At the other park they didnt have many rules. Just your standard scoop your poop. I was there one day and some idiots brought 3 IN HEAT females to this park, I had great control over mine so he never went near them as I normally collected him and left. But, to bring 3 IN HEAT females to the dog park? All the males started fighting altered or not and mine was the only one not partaking in it...but seriously why would you ever bring an in heat female to a dog park? That is just asking for trouble. Many would argue that my male wasnt fixed, but, my male is also controlled. The people who own the female shouldnt of brought that dog to the park in heat..they should of waited. I have no idea what they were thinking and of course I was the only one who noticed these dogs in heat. So I walked around telling everyone who then took their dogs and put them on leash and had it out with the owner. Him and I argued for over 15 minutes and he was complaining my dog wasnt neutered and I told him I dont care if your female isnt fixed, just dont bring her to the park when shes in heat...anyway I called and complained to the City who changed the rule. Your welcome to bring intact pets providing they are controlled but no in heat females please. 

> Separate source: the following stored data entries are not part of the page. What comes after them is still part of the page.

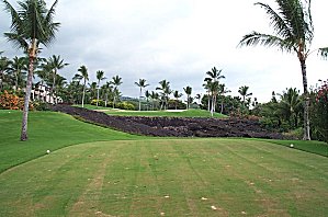 Another pretty hold- par 3, 17th. You hit over this old lava flow up to a very tight green. (also beware of the condos on the left- when we came by, one of the residents was video-taping everyone, probably to prove who hit a shot that broke a window or something...!) |
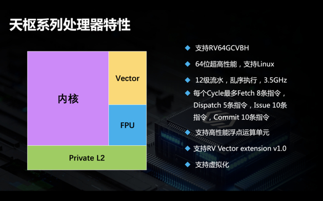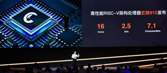 2019年7月,平头哥发布了RISC-VIP核玄铁910。它支持16核,主频可达2.5GHz,单核性能达到7.1Coremark/MHz,较业界主流芯片性能提高40%,较标准指令性能高出20%。
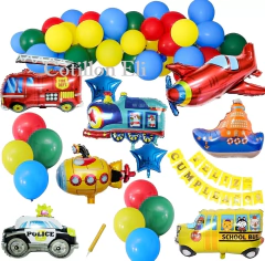 SET DECO GLOBOS METALZIADOS VEHICULOS TRANSPORTE
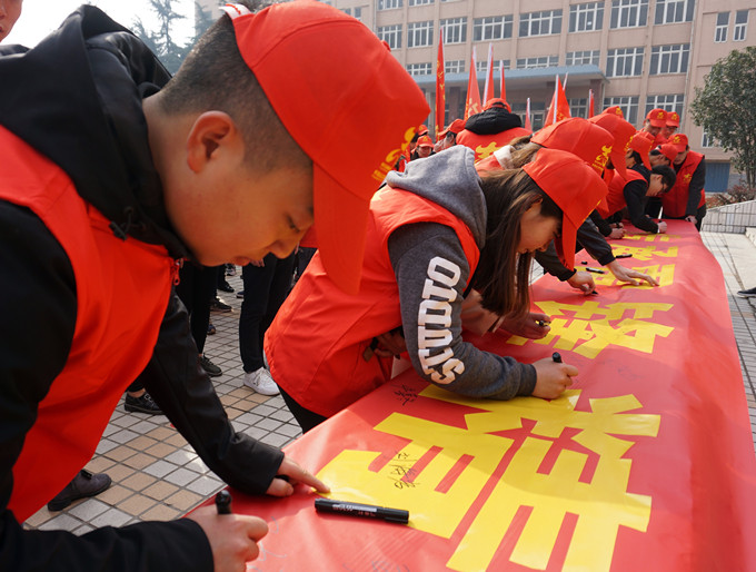 3月4日上午,在平顶山工业职业技术学院雕塑广场上,该院的大学生志愿者在一块印有“传承雷锋精神,争做时代先锋”的条幅上签名。当天,该校启动2017年度学雷锋志愿服务活动,600余名大学生志愿者纷纷签名,表示要进一步弘扬志愿服务理念和志愿服务精神,争做志愿服务先锋。(本报记者 彭程 摄)
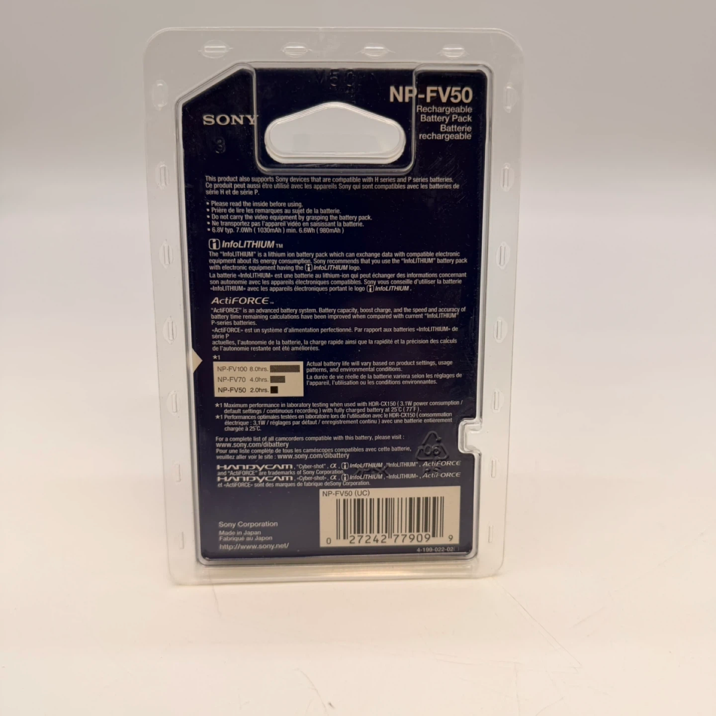 Brand new Sony NP-FV50 rechargeable battery pack.
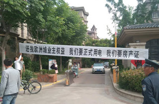 徐州睢宁县欧洲城业主至市府请愿反映房产证问题 遭警察镇压 多人被殴打带走 2016-05-19 权利运动编辑 权利运动编辑员获悉,2016年5月18日,数十名江苏省徐州市睢宁县欧洲城业主至市府请愿反映开发商三年不办房产证希望解决问题,遭警察镇压,多人被殴打带走。 据了解,江苏省徐州市睢宁县欧洲城业主已入住三年,但目前仍没有正式接入用电,房屋质量出现问题,且房产证目前仍未能办理。此前问题已多次反映都没有给解决。2016年5月18日,数十名业主至市府请愿反映希望解决问题。 据现场目击者表示,睢宁县政府出动百多警察,镇压请愿的数十名业主,其中被殴打及带走的业主中有老人。 分享这篇文章到:
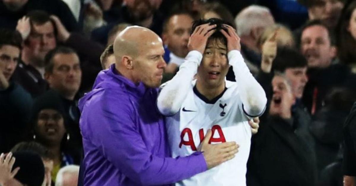 Tottenham Hotspur's Son Heung-min looks dejected after Everton's Andre Gomes sustains an injury after tackling him during their English Premier League match at Goodison Park in Liverpool on Sunday

I dont like dog parks, the owners are 90% responsible for the fights that occur. From bringing in people food. To coddling their dogs who screech when another dog sniffs which then arouses all dogs. Ugh, once someone brought a bag of Kibbles and bits to the park and was filling up small bowls for the dogs..gross. I grabbed mine and went home.


----------



## xxshaelxx (Mar 8, 2010)

haha... I think I've had enough bad experiences at the dog park... -.-

I brought Amaya and Ryou to the dog park once when they were both itty bitty sprouts. I was getting them out of the car when I noticed another Siberian Husky there, so I said to them, "Look! Another Sibe! How exciting!" So I got them out and into the park, and I still had their leashes on (didn't know any better), and was about to let them off when the other Sibe runs up. The FIRST thing this dog does is run over to Amaya and start growling and snapping at her, and NOT in a friendly way. Her ears were fully back, her tail was straight out, and her hackles were raised. A guy (not the owner) walked over and told me that they were just establishing dominance, and to let my dogs off the leash. So I did, and watched disaster ensue. This lady's dog CONTINUED to lash out at Amaya in an aggressive manner, several times THROWING her several feet across the ground. I watched as this older, larger Siberian Husky literally dove at Amaya in a full run, and sent her FLYING across the ground, rolling and tumbling, for at LEAST two-three yards!!! And the lady continued to ignore it, but constantly called off her other dog, who was not doing ANYTHING. So finally, as this Sibe has Amaya pinned in a corner, hackles raised, barking and growling and snapping at Amaya, I said "I'm more worried about your other dog," and she goes "Oh, she's not the problem (can't remember his name) here likes to be the boss, so I have to call him off." I was, like, "REALLY?! YOUR DOG HAS MY DOG COWERING!" I didn't say anything, but I left. Didn't feel like getting into it with an ignoramus

THEN, the next time I went to the dog park, there was an unaltered male Bull Terrier there. I am still unsure, to this day, if Amaya was actually in heat or not, because she never showed ANY signs of being in heat, but all of the male dogs did swarm around her at that time. But anyways, this Bull Terrier seemed intent on her, and he rolled her over and was standing over her, like he was dominating her, and it looked like he was going to try to hump her, so this guy (not the owner) tried pushing him off. He was NOT happy about this, so he attacked Amaya, grabbing ahold of her back leg and began to shake it around like a piece of meat. We all jumped on him, pried him off, and someone screamed "GRAB HIS COLLAR, HE'S GOING TO GO AFTER ANOTHER DOG!" Well, it was too late, because at that moment, Ryou happened to be sauntering past, trying to see what was happening. The Bull Terrier PLOWED into Ryou, grabbing him by the neck. So once again, we dived on him and spent about five to ten minutes trying to pry him off. Several of us were working on his teeth, punching him in the nose, others were pulling at his back legs, and kicking him (I know it's horrible, but he wouldn't let go). Finally, we had to pry his mouth open with the pooper-scoopers. The owner immediately took his dog out, and came back in tears, trying to apologize. I told him that it was fine, that the dogs weren't hurt. I took Amaya and Ryou home, totally shaken up, and gave them baths and thoroughly searched them for any kinds of knicks, cuts, bruises, scrapes...nothing. Couldn't find a single thing. Well, Ryou must have had a scrape or something, because he came up with an infection in the same area a few days later and ended up having to get stitches.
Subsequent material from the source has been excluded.